Define the following terms:

1. Decinormal solution
2. Indicator
3. End point

How much sodium carbonate is required to prepare a decinormal solution in [tex]$250 \, \text{mL}$[/tex]?



Answer :

Certainly! To answer your question thoroughly, I'll break it into parts and explain each concept before addressing the main calculation.

### Definitions:

1. Decinormal Solution:
- Normality (N): Normality is a measure of concentration equivalent to molarity (M) but takes into account the reactive capacity of the substance in reactions. It is defined as the number of equivalents of solute per liter of solution.
- Decinormal Solution (0.1 N): A decinormal solution is one-tenth of the normality unit, i.e., it contains 0.1 equivalents per liter of the solution.

2. Indicator:
- An indicator is a substance used in titrations to signal the end point of a reaction by changing color. It helps in determining when the reactants have been mixed in the proper proportions.

3. End Point:
- The end point is the stage in a titration at which the indicator changes color, signaling that the reaction is complete or has reached a significant stage. It closely approximates the stoichiometric equivalence point of the reaction.

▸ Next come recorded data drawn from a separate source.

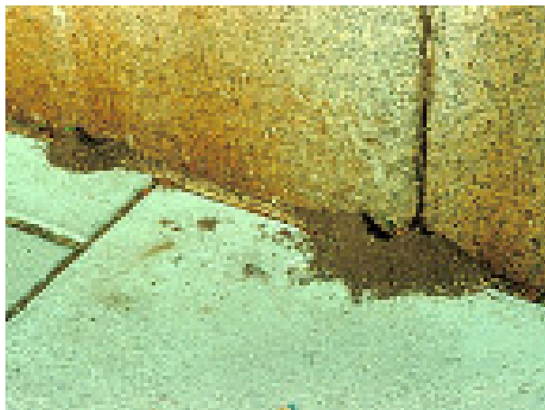
Pavement ant mounds (EPA)

so be patient. If used correctly, most ants will be controlled without having to apply any insecticides in the home.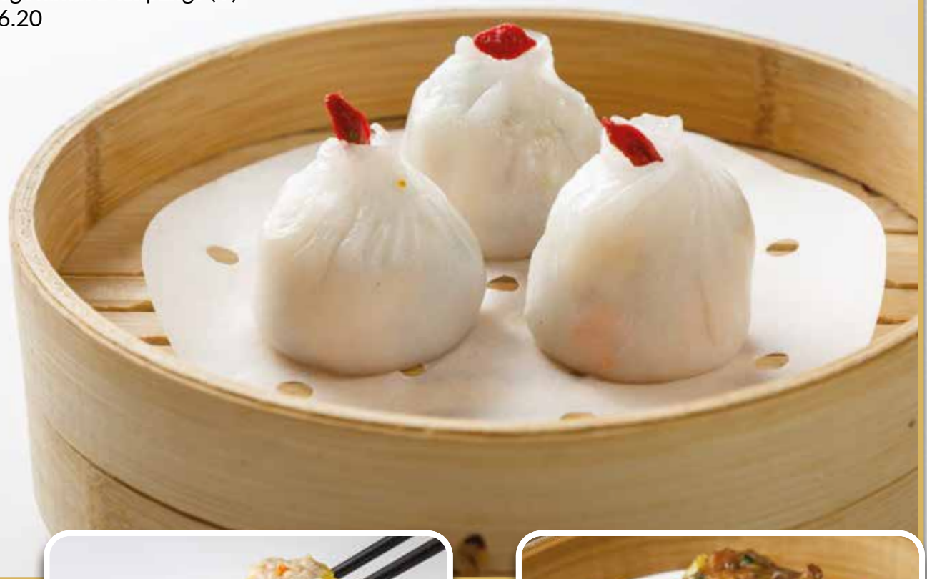
水晶羅漢餃 Vegetarian Dumplings (V) £6.20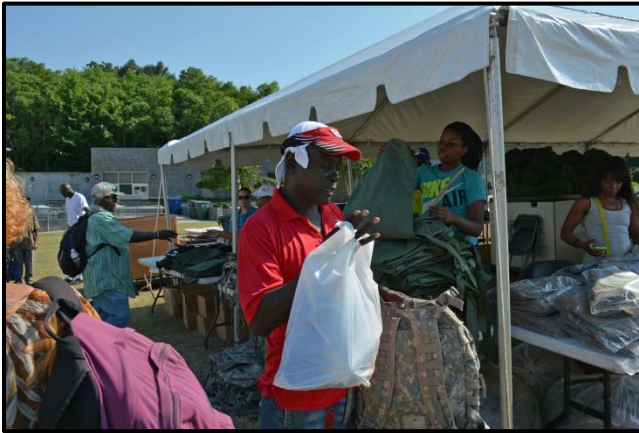
All-American ROCKS Chapter of Fort Bragg dispenses clothes and supplies to hundreds attending the Community Homeless Stand Down in Fayetteville NC.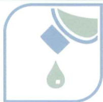
STEP 2: ADD MINT-A-KLEEN*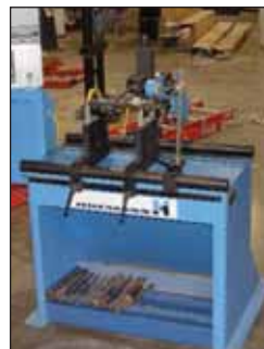
Hoffman Balance Stand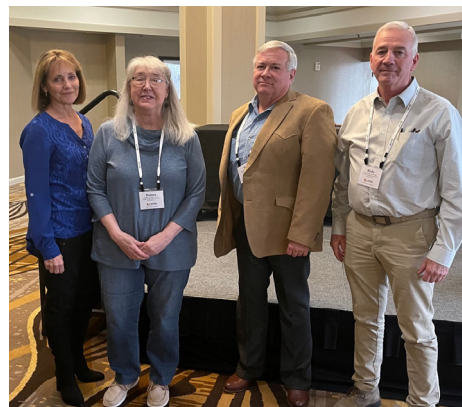
2023 Lifetime Members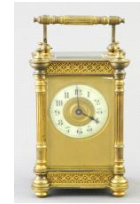
Lot # 424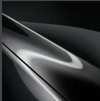
Machine Gray ^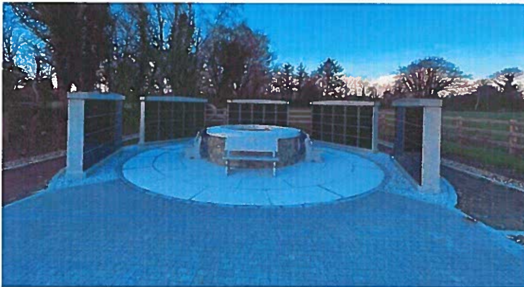
Example: Recently Opened Columbarium Wall Garden Killarney (December 2020)

A Columbarium wall is a structure used for the respectful inurnment of human remains. It houses a collection of niches designed to receive a receptacle containing the cremated remains or ashes of family members. Each niche has an individual front section incorporating a memorial plaque. The cremated remains are placed behind the plaque in a receptacle or urn designed specifically for that purpose. The memorial plaque is engraved with an inscription. Each niche can typically accommodate two cremated remains.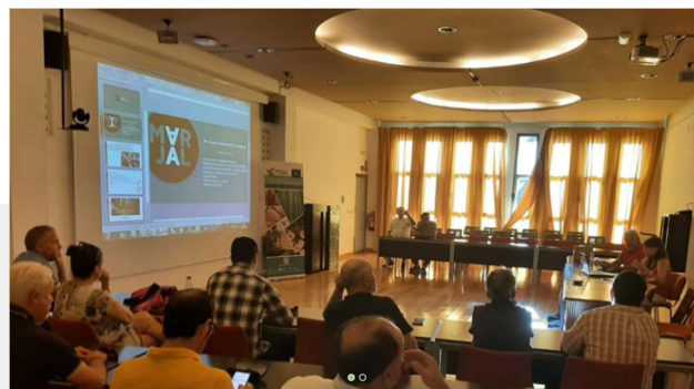
Fig 19. Sixth meeting of the Poplar Growers' Group (Action C1-E1)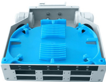
for 6 SC duplex adapters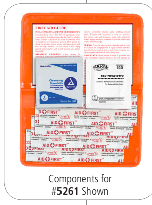
Components for #5261 Shown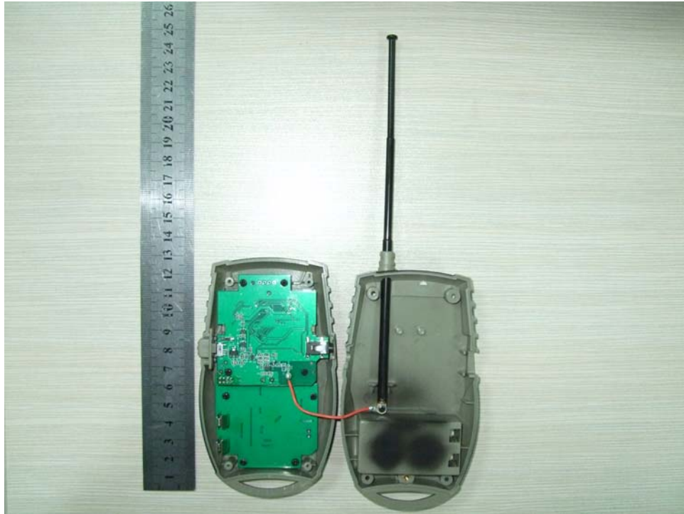
Internal View of Product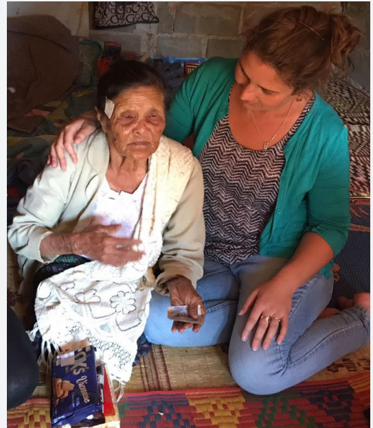
Pictured Above: A Burmese grandmother giving a blessing at the Koung Jor Shan Refugee Camp.

More information can be found at www.thebranchfoundation.org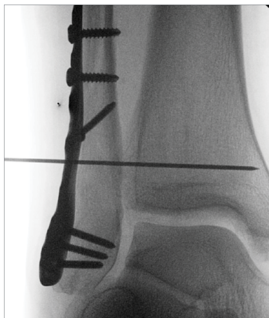
Figure 3. K-Wire Placement

While maintaining reduction, and with the aid of fluoroscopy, the K-wire is then introduced through the fibula into the tibia 2-3 cm proximal and parallel to the joint line, with a 20-30 degree anterior trajectory. The K-wire should not penetrate the medial cortex of the tibia, so to not damage the saphenous neurovascular bundle (Figure 3).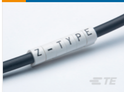
TE Part #EC0233-000 05811920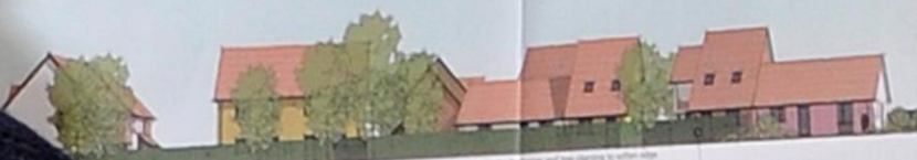
below Indicative view of development across fields, looking east

### Calculation of Sodium Carbonate Required:

To prepare a decinormal solution of sodium carbonate ([tex]\(\text{Na}_2\text{CO}_3\)[/tex]) in 250 mL of solution, follow these steps:

1. Molar Mass of Sodium Carbonate ([tex]\(\text{Na}_2\text{CO}_3\)[/tex]):
- Sodium ([tex]\(\text{Na}\)[/tex]) has an atomic mass of ~22.99 g/mol.
- Carbon ([tex]\(\text{C}\)[/tex]) has an atomic mass of 12.01 g/mol.
- Oxygen ([tex]\(\text{O}\)[/tex]) has an atomic mass of 16.00 g/mol.
- The molar mass of sodium carbonate is thus calculated as:
[tex]\[ \text{Molar Mass of Na}_2\text{CO}_3 = (2 \times 22.99) + 12.01 + (3 \times 16.00) = 105.99 \, \text{g/mol} \][/tex]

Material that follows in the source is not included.